This is the most brilliant thought I’ve ever read on technology education:
The Second Self portrays a time of relative innocence [in the early 1980s]. There was not much talk of screen violence and there seemed to be so much time. The fact that “regular” people, from home computer hobbyists to fifth-grade teachers, were still discussing the merits of computer programming as an intellectual pastime gave the sense that there was time to think, time to experiment with new forms, time to look at effects. Today, the computer culture acts on the individual with new speed and ferocity.
Sherry Turkle, “Epilogue (2004),” The Second Self 20th Anniversary Edition
This paragraph prompted me to reread David Brin’s 2006 essay “Why Johnny Can’t Code,” another attempt to answer the question of why kids don’t learn to program like they did in the 1980s. It’s a stirring essay, but it’s conclusion is merely that no one is providing “tools that teach creative thinking and technological mastery.” This begs another level of analysis—why aren’t these tools available to kids?—and Turkle provides part of it. I’m going to try to take her conclusion a step further.
We’ve come to see computers as tools for efficiency, not exploration. Sure, “surfing the web” has seen a resurgence in Wikipedia link-hopping, but I suspect even this is a minority activity. And even this is not an exploration of the computer. The meaning of the computer is less contested now than it was in decades past: computers are tools now, not worlds and certainly not the “mathland” Seymour Papert saw in them. It is as tools that teachers see computers, that managers see computers, that the developers at Microsoft and Apple see the interfaces they’re giving us. And they’re developers, not programmers, because they’re focused on the product of software, not the practice of programming.
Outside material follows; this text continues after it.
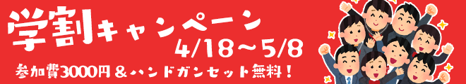 学生証の提示で参加費3000円&ハンドガンセットレンタル無料!
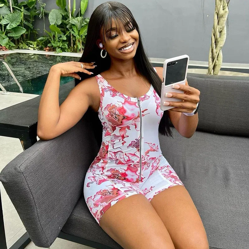 K24Q44690 Vintage Crew Neck Women's Sportswear Bodycon Zip One Piece Short Jumpsuit Fitness Woman Print Romper

Is there room in this world for programming as an intellectual pastime? Of course there is. That spirit is with us in free software and in other hacker communities. But hacking has become countercultural again, like it was in the 1970s. The idea that programming is worthwhile for the lessons it provides about logic, math, systems, and philosophy is as marginal now as it has ever been. The idea that it’s the best way for kids to learn these lessons is even more marginal.
All of this, Turkle hints, is not because computers themselves are marginal but precisely because they’re central to our lives. We have to learn so much just to use them—and we think that we have to teach so much to kids—that there’s no time for thinking, for experimenting with new forms, for looking at effects. If the geeky among us, adult and child alike, do find a spare hour, our “information consumption devices”—Brin’s phrase—rush to fill it. The personal computer has become less so, a device for listening like the radio before it.
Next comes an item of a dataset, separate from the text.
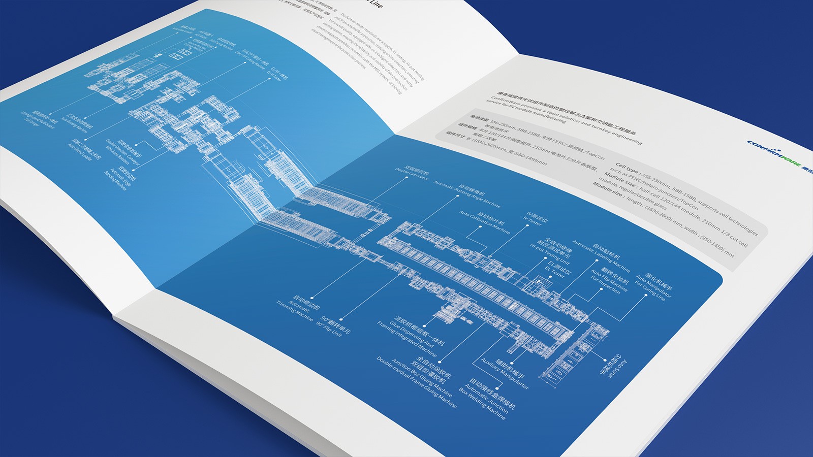 重點展示公司業(yè)務,文案的準確性,設計的展現(xiàn)等。整本宣傳冊的色調為藍色,綠色點綴,與LOGO顏色相呼應;產品畫面為線條展示,整體流暢簡潔,給人清爽的感受。

Brin’s essay is structured around a quest for a tool his son can use to learn to program. He and his son eventually conclude that this tool is not, as they expected, some software that they can install on their Mac OS X or Windows machines; it is, instead, a used Commodore 64, released in 1982. It is a machine that does not connect to the internet and the web, a machine for which it has become a challenge to find software (not to mention that their floppy drive doesn’t really work). It’s a computer built with a set of purposes almost entirely different from those of a 2005 Dell box. Tinkerers, hobbyists, and gamers bought the Commodore 64; everyone buys Dells, which are supposed to have a practical function. The Commodore 64 boots to a BASIC prompt; any modern machine boots to a GUI. There is very little about computers built in the last twenty years that invites experimentation.
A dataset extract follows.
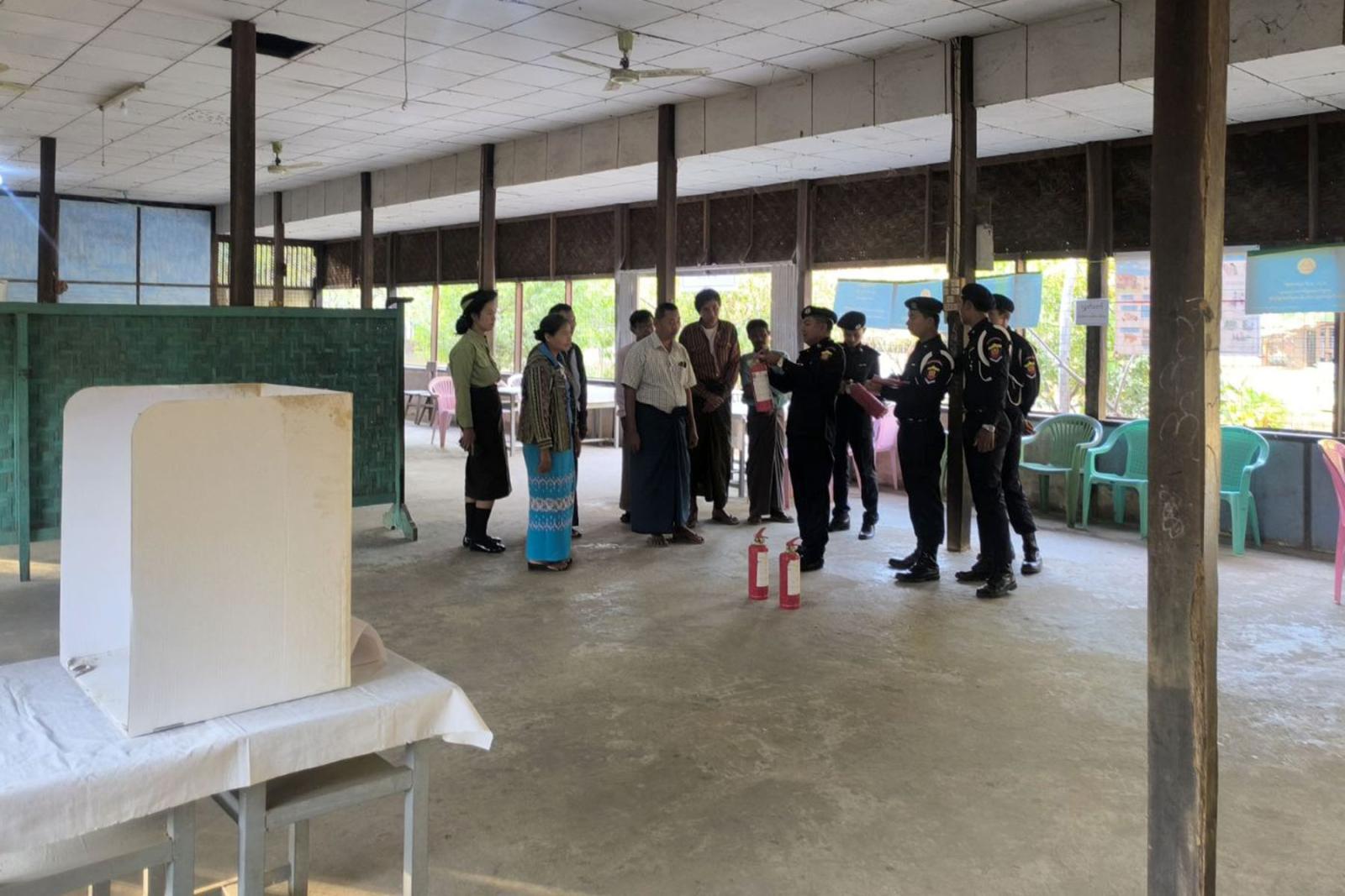 ထိုသို့ မီးဘေးလုံခြုံရေး စစ်ဆေးဆောင်ရွက်ရာတွင် မြို့နယ်မီးသတ်ဦးစီးမှူး ဦးအောင်ကိုသန့် ဦးဆောင်၍ မြို့နယ်မီးသတ်တပ်ဖွဲ့ဝင်များက မြင်းခြံမြို့ပေါ် ရပ်ကွက်အတွင်းရှိ မဲရုံများနှင့် မဲရုံပတ်ဝန်းကျင်အနီး နေအိမ်များတွင် မီးဘေးအန္တရာယ်မဖြစ်ပေါ်စေရေးအတွက် ဂရုစိုက် အသုံးပြုရေး၊ မီးသတ်ဆေးဘူးများ အသုံးပြု ရ/မရ၊ မီးသတ် ဆေးဘူးများထားရှိရန်၊ လျှပ်စစ်မီးများ စနစ်တကျအသုံးပြုရေးများအား စစ်ဆေးခဲ့ပြီး မီးဘေးလုံခြုံရေး အကြုံပြုချက်များကို အသိပညာပေး ဟောပြောခဲ့ကြောင်း သိရသည်။

I’m bothered by Brin’s preference for BASIC over other programming languages his son could learn. There are two options that strike me as superior. The first is Logo. It was actually designed for education, and depending on the implementation it can do lots of exciting things. (The technology education consulting company I used to work for endorses Terrapin Logo, which looks pretty cool.) The second is Ruby. There’s a Ruby interpreter you can try without even leaving your browser, with a really amazing built-in tutorial. It’s at least a way to discover how a command line feels, which is pretty cool.
There is another path Brin and his son could have followed. They could have installed Linux, or Cygwin, or resorted to the Terminal application on their Mac, and turned their machine into one that does invite experimentation. It would have taken some tinkering to get it to work how they wanted it to, of course, but that too is a learning experience—one about which Brin seems strangely unenthusiastic. They could have closed their browsers and the other ethereal apparatus of computing as consumption, even booted the machine to a command line and vanished the distractions of the GUI. Our polished, functional information consumption devices are flexible; they can still be subverted and used like the messy, hobbyist learning machines of the early 1980s.